In mathematics we do exactly the same thing, except that having tested our predictions a few times we then set out to prove that the pattern is what it seems to be.

It's true that mathematics is not science, and most scientists and mathematicians will agree. It's false to characterize mathematics simply as a tool that scientists use. That's the view of a scientist, not a mathematician.

The literal definition of "Science" (from Latin, I think) is simply "Knowledge". So I regard "science" and "scientific" as any process that provides the ability to increase knowledge in any area (though note I said "increase knowledge", not "increase your knowledge"); merely being able to learn what others have previously learned is not science, but education. Science is being able to take your own learned concepts, couple them with external observations, and produce new knowledge. -- GavinLambert

Latin scientia. But remember that words change meanings all the time, even within a single language.

I am concerned with discussing two extreme kinds of science. I believe environmental geochemistry, a combination of environmental science with geochemistry, fits both requirements, since it seems to be at a turning point.

I thus propose to use this space to start adding new pages in both directions, of a SpecialityEnvironmentalGeochemistry? and a GeneralityEnvironmentalGeochemistry?. -- FrancoLevi?

doesn't quite cut it for science these days because all the stuff you can easily observe has already been observed.

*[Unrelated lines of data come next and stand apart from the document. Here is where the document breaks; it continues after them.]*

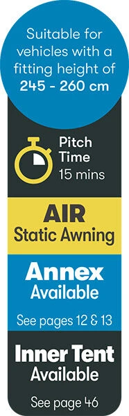 The air frame has been made with a single point inflation for quick pitching but in the unlikely case that you do run into problems you can re inflate each beam separately or remove a single tube on site if needing to repair or replace – the added benefit of air tubes is for quicker pitching and sturdier in adverse weather; The Vega 330 comes with super beams which aids to the strength and durability as the beams are less likely to bend and flex than smaller beams
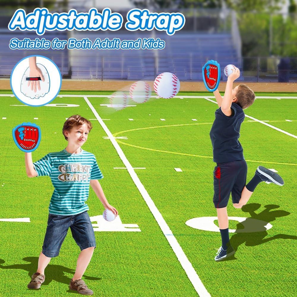 SIMPLE & FUN GAMEPLAY: Both parties simply use the straps on the back of the glove to secure the palms and start an exciting game of baseball! The gameplay is simple but fun; Very suitable for players of all ages, whether kids or adults, can quickly pick up and enjoy the fun of throwing baseball
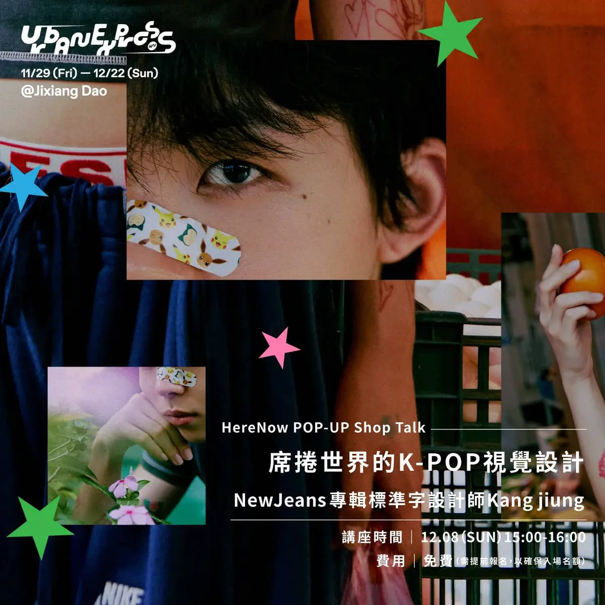 擅長深入流行趨勢,音樂與設計也是HereNow關注的重點。本次快閃店重磅邀請韓國女團NewJeans專輯標準字設計師Kang jiung設計主視覺,以「城市快遞」為題,展現跨越國籍的共同符碼,將流行語言變成消費文化中的快遞輪廓。12月8日設計師Kang jiung也將親臨台北現場,以「席捲世界的K-POP視覺設計」為題,主講與女團NewJeans等韓國流行指標合作之設計經驗,見證韓流與設計間的文化爆擊。
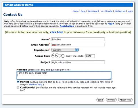 See the sample contact form in action on our help desk demo.
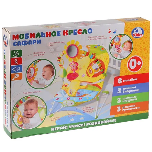 Мягкий шезлонг станет любимым местом для игр и отдыха Вашего крохи. Малыш не будет скучать, рассматривая мягкие игрушки, расположенные на ручке, будет тянуться к ним, хватать и развлекаться с шуршалками. Вибрация и приятная музыка поможет малышу расслабиться и легко уснуть, позволяя маме в это время заняться своими личными делами.
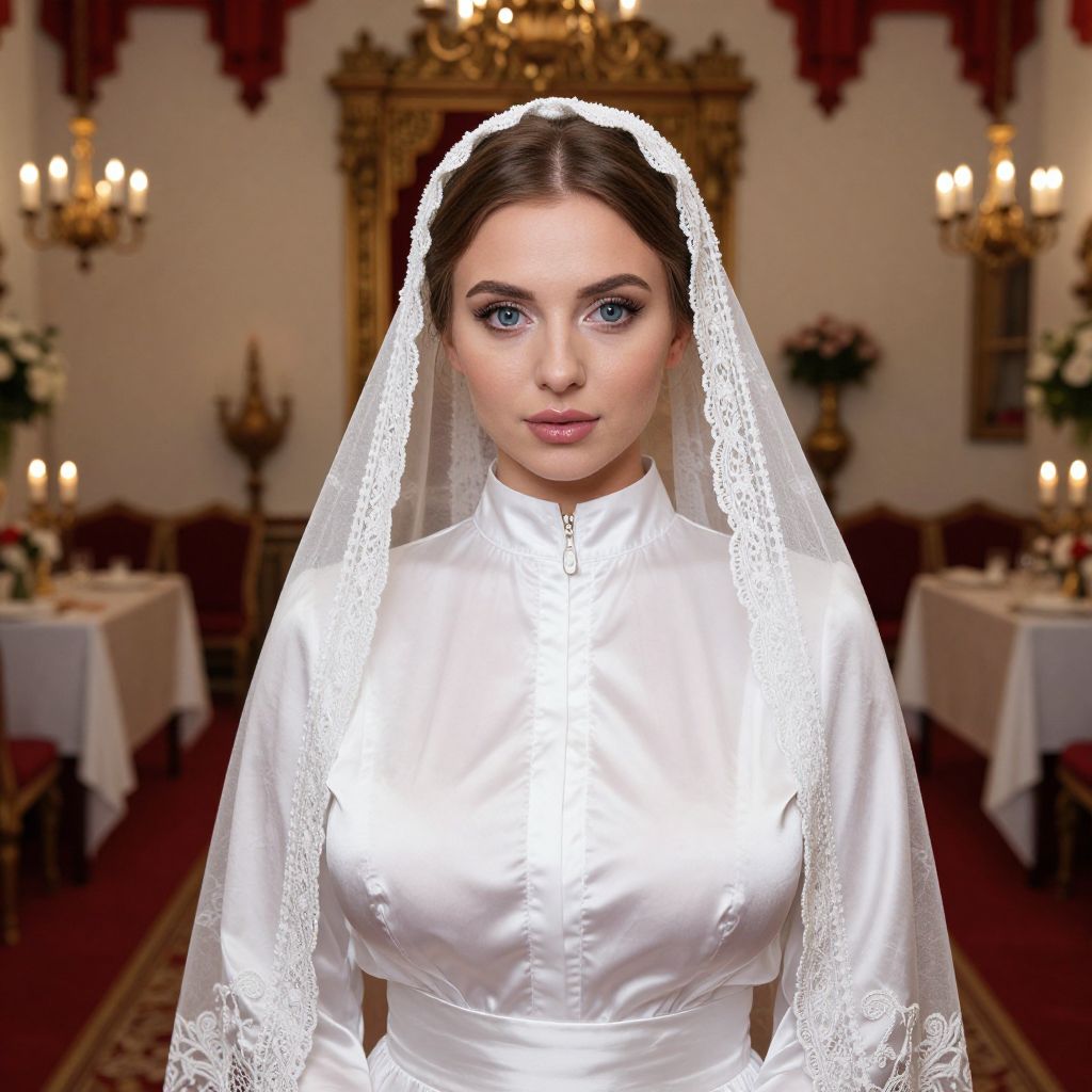 Elegant Bride in Traditional White Gown with Lace Veil in Vintage Setting
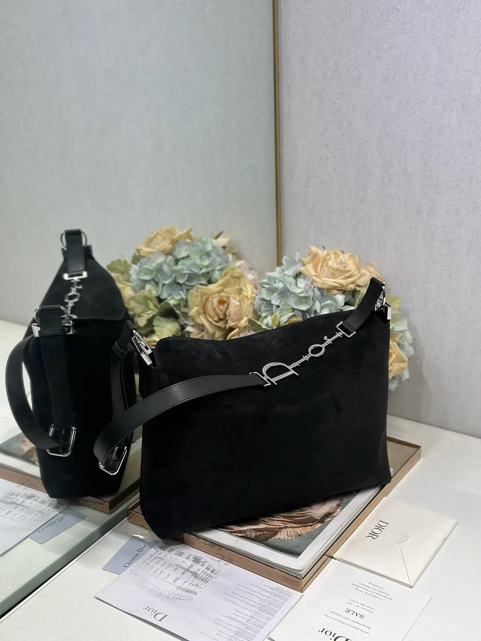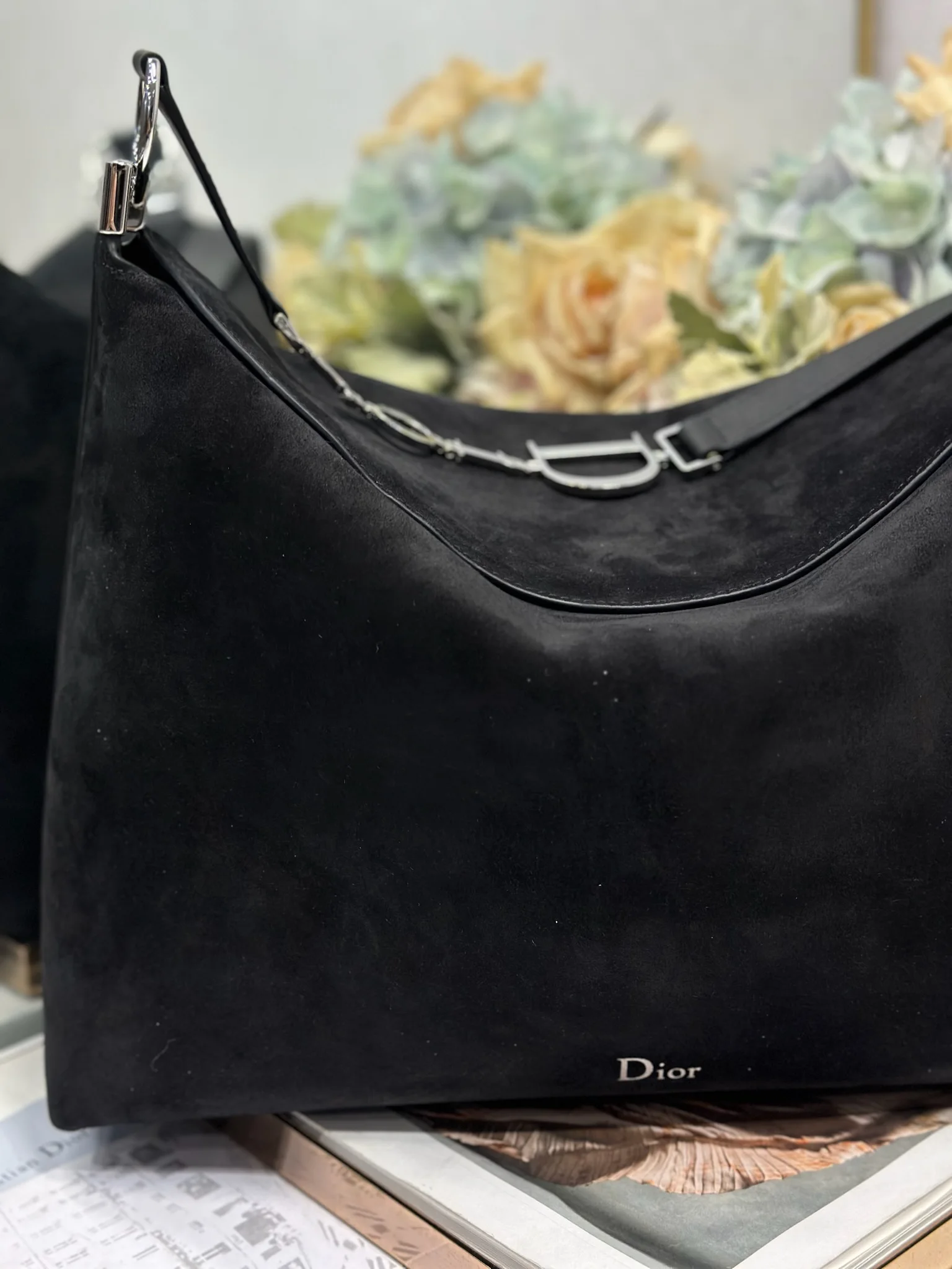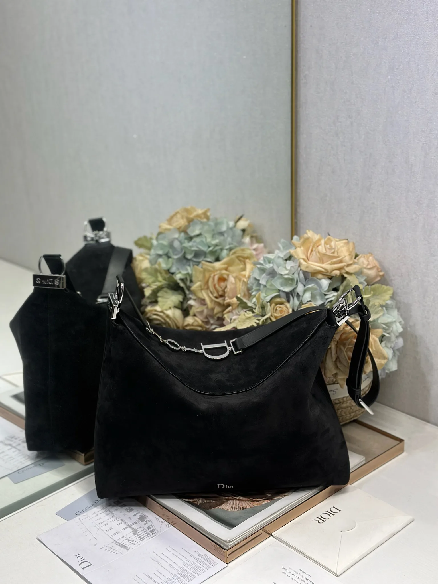 Christian Dior Spring/Summer 2026 Large Handbag Collection Black Velvet with Leather and Silver Buckle
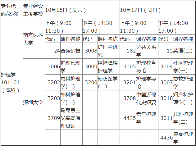 以上就是關于“2021年10月廣東自考護理學本科考試安排表”的全部內容,想要了解更多深圳自考資訊、自考報名指南、自考復習資料等相關信息可以持續關注 深圳自考網
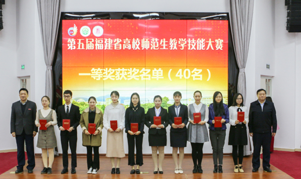 福建省高校师范生教学技能大赛,由福建省教育厅主办,是针对全省高校应届师范类毕业生设置的学科竞赛,分初赛和总决赛两个阶段。总决赛中,来自全省21所高校的183位学生参加了学前教育、小学语文、数学和初中语文、数学、英语、道德与法治、物理、化学、生物、历史、地理等13个组的比拼,通过教学设计、模拟课堂教学、专家问答等三个环节的角逐,最终评出一等奖40名、二等奖54名、三等奖60名。
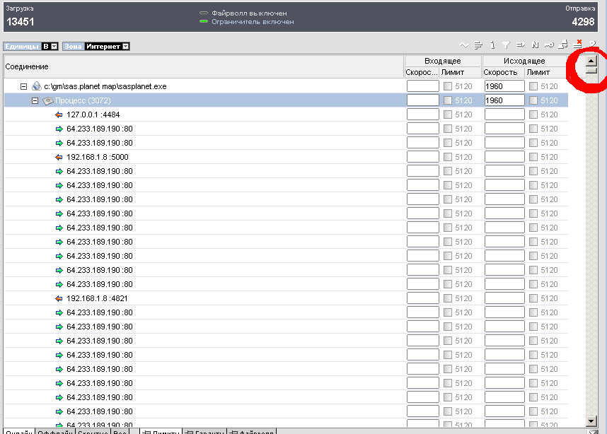 Решение (полумера): в качающей программе нажать на "ПРИОСТАНОВИТЬ" во всех запущенных потоках, дождаться надписи "Приостановлено пользователем", а затем в любом файрволе выделить все открытые соединения данной программы и закрыть (удалить) оные. После этого можно заново запускать приостановленные потоки - программа станет качать в нормальном режиме, без ее перезапуска.
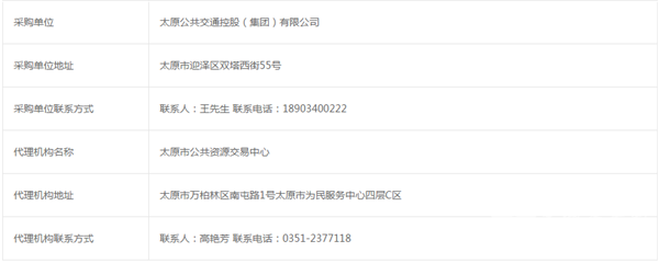 采购单位名称:太原公共交通控股(集团)有限公司
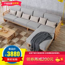 客厅全实木沙发组合 现代简约北欧贵妃小户型转角橡胶木沙发木质
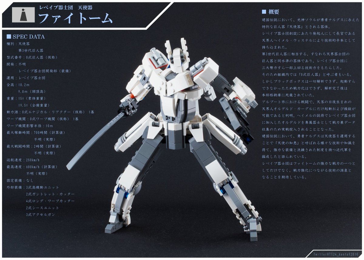 26 101 「巨人器リオベリス」 オリジナルの新作レゴロボです! 制作期間は11/14~11/26のおよそ2週間 縮尺1/40で全高22.5cm、フィグ乗りの作品です 155mm狙撃砲をメインウェポンに、2丁の57mm拳銃や豊富な装備、そして305mm狙撃砲を使用します (1/4) #LEGO #レゴロボ 21/11/29 20:09
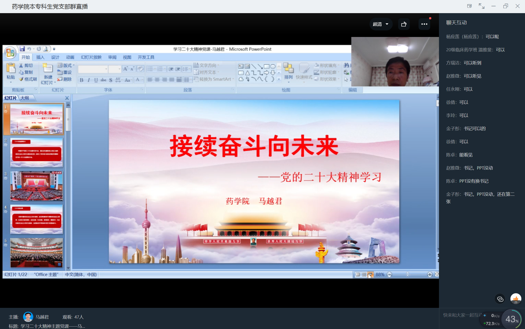 11月27日下午,药学院本专科生党支部开展“学习宣传二十大精神 争做新时代优秀党员”主题党日活动,学院党委副书记马越君为大家讲授党课。
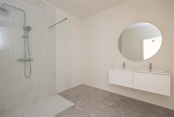 hoogrendementsglas en ingebouwde ventilatie. De badkamer straalt luxe uit met een inloopdouche
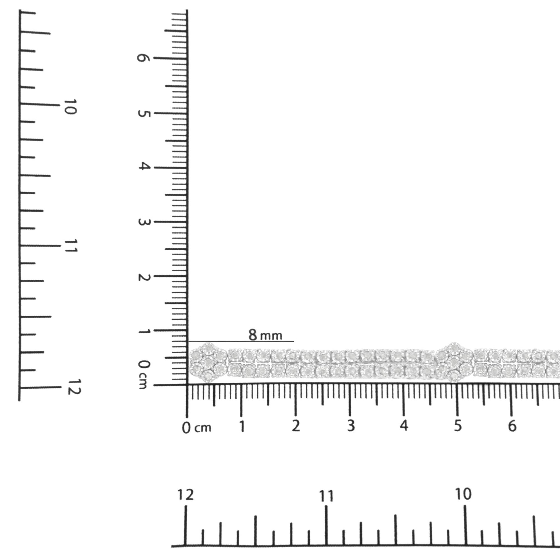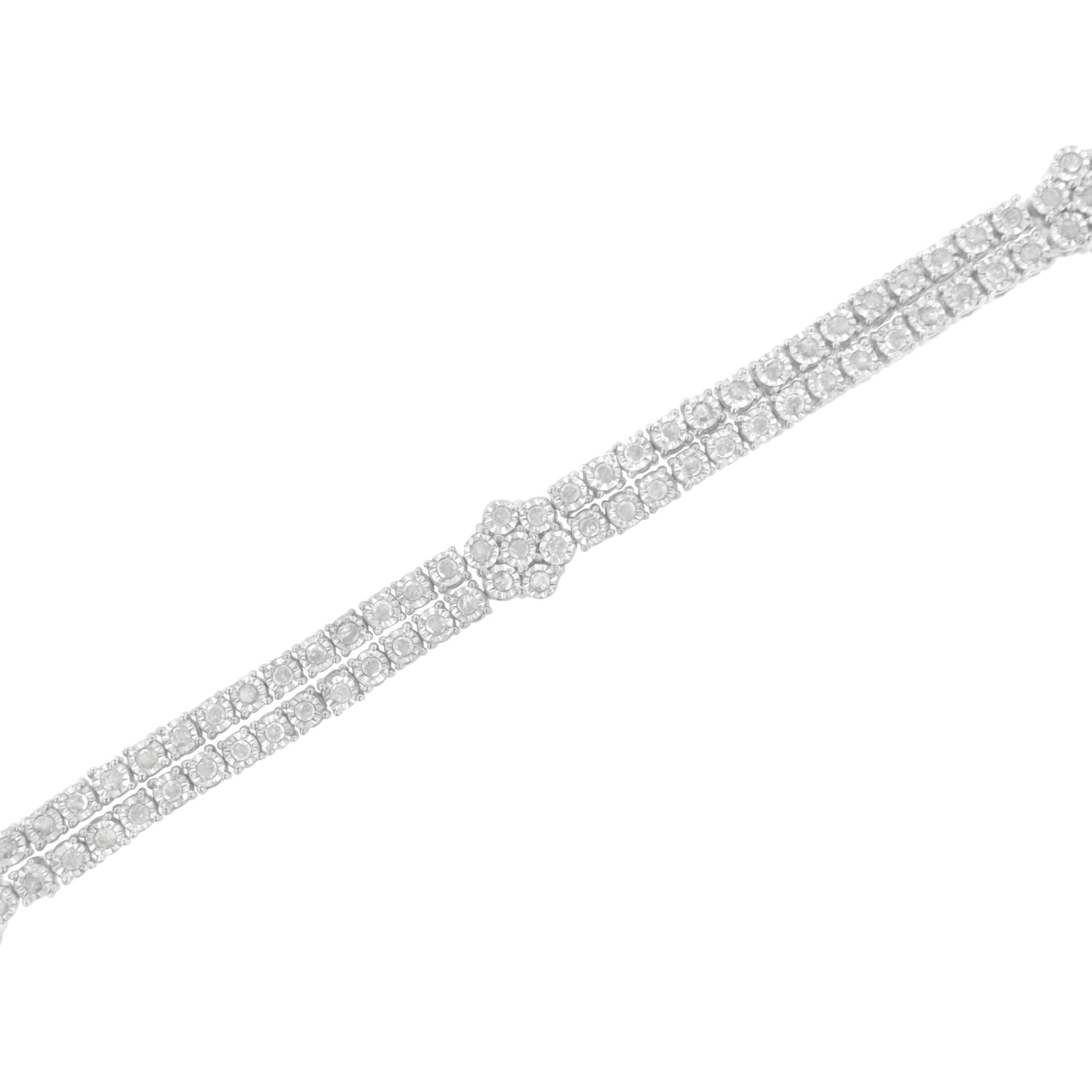 This elegant sterling silver bracelet features 2ct TDW of glittering diamonds. A central round cut diamond flower cluster sits as the centerpiece of this design. Two rows of miracle set round diamonds complete the bracelet. This piece fastens securely with a box clasp.
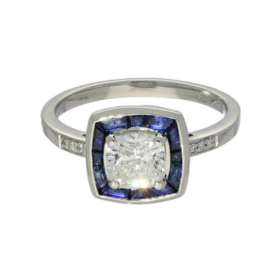 Pre-owned Platinum Certificated Diamond & Sapphire Halo Ring
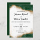 This wedding invitation features a rich emerald green and gold theme. The design includes a luxurious shiny gold border that blends with the deep green edges, creating an elegant and sophisticated look to celebrate your special day.
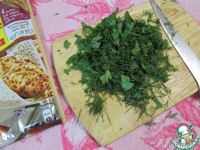 Зелень помыть и хорошо просушить. Затем мелко нарубить.
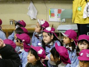 みんな集中してお兄さんお姉さんの話を聞き、クイズにも参加しました![]()
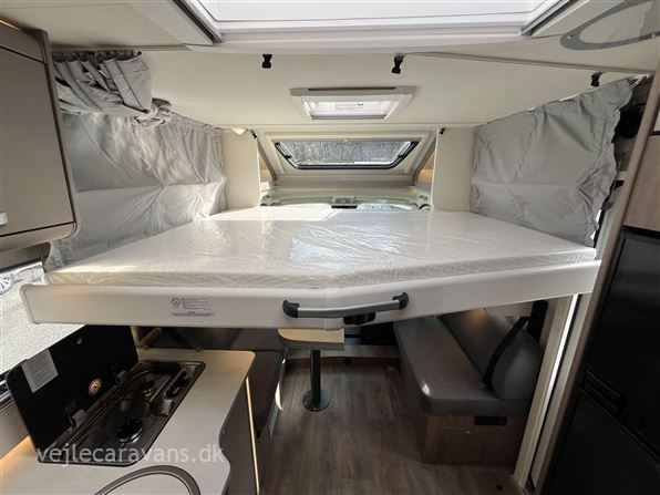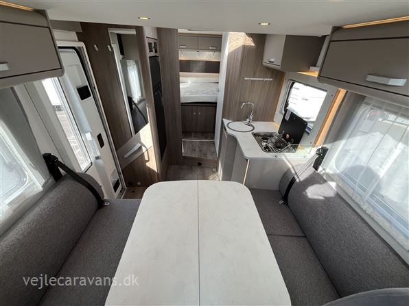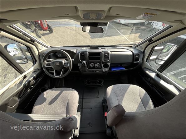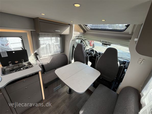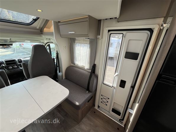 Ny 2026 model. Delintegreret autocamper med face to face siddegruppe. Queens-seng i soveafdelingen. Køkken med 3 gasblus og et køleskab på 167 ltr. med separat fryser. Bilen er en Fiat med 140 HK og 8 trins automatgear. Bilen er bestilt med følgende udstyr: Pro+ pakke, automatgear, safety pakke med adaptiv fartpilot, Elek. parkeringsbremse, dæktrykssensor, optik pakke2, Truma Combi 6(gas/el varme), trærist til brusebund, hæve/sænkeseng over siddegruppe. Prisen er inkl. leveringsomkostninger og nr. plader. FORVENTES I BUTIKKEN I UGE 21 - 2026.

Try extending the process to something like: Example: We guess there will be interesting astronomical observations we can't make from the ground. We invent the space telescope. We observe that: hey yeah, look at all that cool stuff we didn't see before! We <word> about all that cool stuff. We experiment to verify that we were right (or wrong) about what we <word>ed.

With time and training the initial guesses become (hopefully) more educated and more likely to be correct, but it still frequently happens that the process is derailed, either because invent isn't yet technologically possible (YouCantGetThereFromHere), or because after a successful invent we fail to observe anything useful (the guess that the newly possible observations would be interesting was wrong). This is also called a "FishingExpedition?" and granting agencies in general hate this kind of proposal. That's why you have to write the grant according to the standard "observe, hypothesize (the word the granting agencies use), experiment to verify" model and then do the guessing and inventing on the sly.
Science is Testing Models of Reality

Science is the process of gathering, comparing, and evaluating proposed models against reality:

    theoryRank = fit x simplicity
Math is "playing with" axioms and science is the testing of axioms against reality. Note that one can do a lot with axioms that are not necessarily tied to reality (see MisuseOfMath) because the axioms may be partially or completely wrong to begin with. GiGo.

-- top

 What make of you of this top?


Do you have any idea why empirical Science is often contrasted with the Mathematical Sciences?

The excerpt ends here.